■ ASSIGNED TASK ■
Search the data for "with". Return each matching line.

--*--

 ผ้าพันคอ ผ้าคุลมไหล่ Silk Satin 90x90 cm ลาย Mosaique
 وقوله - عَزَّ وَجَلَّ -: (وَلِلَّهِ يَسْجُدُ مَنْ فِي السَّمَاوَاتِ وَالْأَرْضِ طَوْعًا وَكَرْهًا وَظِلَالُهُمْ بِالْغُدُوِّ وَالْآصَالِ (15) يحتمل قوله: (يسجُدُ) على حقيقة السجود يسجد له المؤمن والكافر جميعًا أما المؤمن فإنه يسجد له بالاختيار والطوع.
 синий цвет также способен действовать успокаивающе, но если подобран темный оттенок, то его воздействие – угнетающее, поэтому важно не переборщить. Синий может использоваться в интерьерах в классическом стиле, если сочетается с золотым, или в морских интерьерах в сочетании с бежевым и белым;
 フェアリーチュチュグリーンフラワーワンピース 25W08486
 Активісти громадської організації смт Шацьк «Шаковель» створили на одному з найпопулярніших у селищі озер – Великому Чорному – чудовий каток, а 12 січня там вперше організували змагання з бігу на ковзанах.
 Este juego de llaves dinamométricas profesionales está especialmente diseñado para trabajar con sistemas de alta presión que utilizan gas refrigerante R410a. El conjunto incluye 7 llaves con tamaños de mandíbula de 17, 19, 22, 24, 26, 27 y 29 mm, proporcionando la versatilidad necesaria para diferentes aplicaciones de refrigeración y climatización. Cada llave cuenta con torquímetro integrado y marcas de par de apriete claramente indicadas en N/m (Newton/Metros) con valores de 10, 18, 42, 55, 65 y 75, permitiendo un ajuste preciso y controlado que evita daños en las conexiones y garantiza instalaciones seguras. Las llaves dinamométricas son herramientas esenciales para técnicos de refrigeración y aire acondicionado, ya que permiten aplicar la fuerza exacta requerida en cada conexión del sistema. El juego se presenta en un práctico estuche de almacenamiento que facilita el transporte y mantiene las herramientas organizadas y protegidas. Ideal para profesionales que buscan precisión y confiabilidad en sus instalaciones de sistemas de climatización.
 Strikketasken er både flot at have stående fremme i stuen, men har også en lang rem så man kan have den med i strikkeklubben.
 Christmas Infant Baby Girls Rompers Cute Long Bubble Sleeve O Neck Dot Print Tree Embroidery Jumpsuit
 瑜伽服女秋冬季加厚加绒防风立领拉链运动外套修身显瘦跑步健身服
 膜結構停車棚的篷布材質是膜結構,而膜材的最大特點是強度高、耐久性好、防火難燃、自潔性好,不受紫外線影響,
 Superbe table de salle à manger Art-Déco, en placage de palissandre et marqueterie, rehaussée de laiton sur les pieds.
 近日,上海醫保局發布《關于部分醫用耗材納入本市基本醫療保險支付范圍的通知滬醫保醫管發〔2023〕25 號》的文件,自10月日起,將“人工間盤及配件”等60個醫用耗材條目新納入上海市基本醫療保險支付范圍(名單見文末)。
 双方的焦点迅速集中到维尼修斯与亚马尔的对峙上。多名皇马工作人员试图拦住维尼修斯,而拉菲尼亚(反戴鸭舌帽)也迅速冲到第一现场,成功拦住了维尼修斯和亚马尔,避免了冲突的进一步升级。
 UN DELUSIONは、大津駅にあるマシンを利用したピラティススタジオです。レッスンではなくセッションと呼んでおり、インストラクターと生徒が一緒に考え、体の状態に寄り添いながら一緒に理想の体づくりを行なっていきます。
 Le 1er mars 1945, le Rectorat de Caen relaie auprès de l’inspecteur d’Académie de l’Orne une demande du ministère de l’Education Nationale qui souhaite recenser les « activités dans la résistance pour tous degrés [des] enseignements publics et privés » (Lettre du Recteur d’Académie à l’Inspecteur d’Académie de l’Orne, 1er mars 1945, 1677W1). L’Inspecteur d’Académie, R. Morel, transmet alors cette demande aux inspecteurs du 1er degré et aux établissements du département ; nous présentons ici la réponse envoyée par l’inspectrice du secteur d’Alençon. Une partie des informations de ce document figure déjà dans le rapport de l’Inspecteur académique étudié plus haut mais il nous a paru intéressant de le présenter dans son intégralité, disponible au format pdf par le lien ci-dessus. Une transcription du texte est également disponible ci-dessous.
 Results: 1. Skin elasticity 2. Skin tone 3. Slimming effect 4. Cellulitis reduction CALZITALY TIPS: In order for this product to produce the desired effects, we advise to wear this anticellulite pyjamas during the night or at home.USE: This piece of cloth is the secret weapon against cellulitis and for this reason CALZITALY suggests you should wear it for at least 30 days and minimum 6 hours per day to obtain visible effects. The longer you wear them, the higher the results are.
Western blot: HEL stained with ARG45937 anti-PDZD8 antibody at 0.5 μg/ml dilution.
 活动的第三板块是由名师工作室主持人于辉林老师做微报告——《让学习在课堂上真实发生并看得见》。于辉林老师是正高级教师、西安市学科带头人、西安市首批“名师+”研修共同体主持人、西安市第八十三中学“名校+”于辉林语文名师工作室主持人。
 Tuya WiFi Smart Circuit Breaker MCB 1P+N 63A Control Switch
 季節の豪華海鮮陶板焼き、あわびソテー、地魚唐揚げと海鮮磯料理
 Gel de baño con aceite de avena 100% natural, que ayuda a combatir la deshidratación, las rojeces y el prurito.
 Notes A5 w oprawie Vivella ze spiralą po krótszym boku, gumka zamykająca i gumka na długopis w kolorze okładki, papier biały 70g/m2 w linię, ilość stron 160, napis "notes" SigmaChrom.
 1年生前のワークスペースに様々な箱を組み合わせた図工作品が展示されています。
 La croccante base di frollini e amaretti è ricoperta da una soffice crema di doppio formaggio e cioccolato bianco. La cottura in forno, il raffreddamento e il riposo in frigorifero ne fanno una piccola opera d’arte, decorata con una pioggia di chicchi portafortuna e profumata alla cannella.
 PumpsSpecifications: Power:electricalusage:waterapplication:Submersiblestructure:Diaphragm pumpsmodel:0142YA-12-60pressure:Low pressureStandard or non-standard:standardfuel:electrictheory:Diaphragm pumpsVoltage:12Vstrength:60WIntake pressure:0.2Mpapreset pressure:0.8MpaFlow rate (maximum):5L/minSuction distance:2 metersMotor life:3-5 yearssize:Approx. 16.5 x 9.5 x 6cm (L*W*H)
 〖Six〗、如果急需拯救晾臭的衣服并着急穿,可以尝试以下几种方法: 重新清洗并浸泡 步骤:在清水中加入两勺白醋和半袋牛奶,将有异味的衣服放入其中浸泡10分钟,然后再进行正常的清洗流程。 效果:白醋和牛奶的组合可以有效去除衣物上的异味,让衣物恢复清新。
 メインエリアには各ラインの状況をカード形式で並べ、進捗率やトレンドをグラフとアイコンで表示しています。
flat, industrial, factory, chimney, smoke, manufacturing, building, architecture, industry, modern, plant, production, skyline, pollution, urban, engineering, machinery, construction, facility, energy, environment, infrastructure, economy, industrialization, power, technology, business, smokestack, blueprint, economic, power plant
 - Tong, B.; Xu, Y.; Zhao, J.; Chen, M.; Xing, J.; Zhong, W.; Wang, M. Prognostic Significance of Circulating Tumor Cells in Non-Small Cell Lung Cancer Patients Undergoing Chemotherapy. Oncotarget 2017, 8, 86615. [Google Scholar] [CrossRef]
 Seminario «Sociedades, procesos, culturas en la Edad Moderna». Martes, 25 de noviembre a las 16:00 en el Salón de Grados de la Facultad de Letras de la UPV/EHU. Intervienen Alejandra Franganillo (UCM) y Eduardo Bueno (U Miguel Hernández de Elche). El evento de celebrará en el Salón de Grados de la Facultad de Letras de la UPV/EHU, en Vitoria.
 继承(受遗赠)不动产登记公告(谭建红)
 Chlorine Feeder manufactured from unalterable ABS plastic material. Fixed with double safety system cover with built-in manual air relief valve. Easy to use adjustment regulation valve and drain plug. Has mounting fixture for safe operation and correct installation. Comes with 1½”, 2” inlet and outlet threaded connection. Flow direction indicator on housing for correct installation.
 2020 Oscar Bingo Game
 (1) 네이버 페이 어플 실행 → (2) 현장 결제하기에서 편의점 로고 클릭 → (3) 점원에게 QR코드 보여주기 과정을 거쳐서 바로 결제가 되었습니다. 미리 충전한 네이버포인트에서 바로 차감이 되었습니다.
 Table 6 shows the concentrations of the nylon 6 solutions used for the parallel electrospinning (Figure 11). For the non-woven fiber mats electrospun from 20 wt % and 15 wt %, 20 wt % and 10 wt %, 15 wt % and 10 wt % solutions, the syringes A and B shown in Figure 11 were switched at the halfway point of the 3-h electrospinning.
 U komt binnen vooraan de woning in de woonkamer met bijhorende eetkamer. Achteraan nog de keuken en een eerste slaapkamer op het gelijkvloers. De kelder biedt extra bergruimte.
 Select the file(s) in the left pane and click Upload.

--*--

■ ANSWER TO THIS PROBLEM ■
Western blot: HEL stained with ARG45937 anti-PDZD8 antibody at 0.5 μg/ml dilution.
 Chlorine Feeder manufactured from unalterable ABS plastic material. Fixed with double safety system cover with built-in manual air relief valve. Easy to use adjustment regulation valve and drain plug. Has mounting fixture for safe operation and correct installation. Comes with 1½”, 2” inlet and outlet threaded connection. Flow direction indicator on housing for correct installation.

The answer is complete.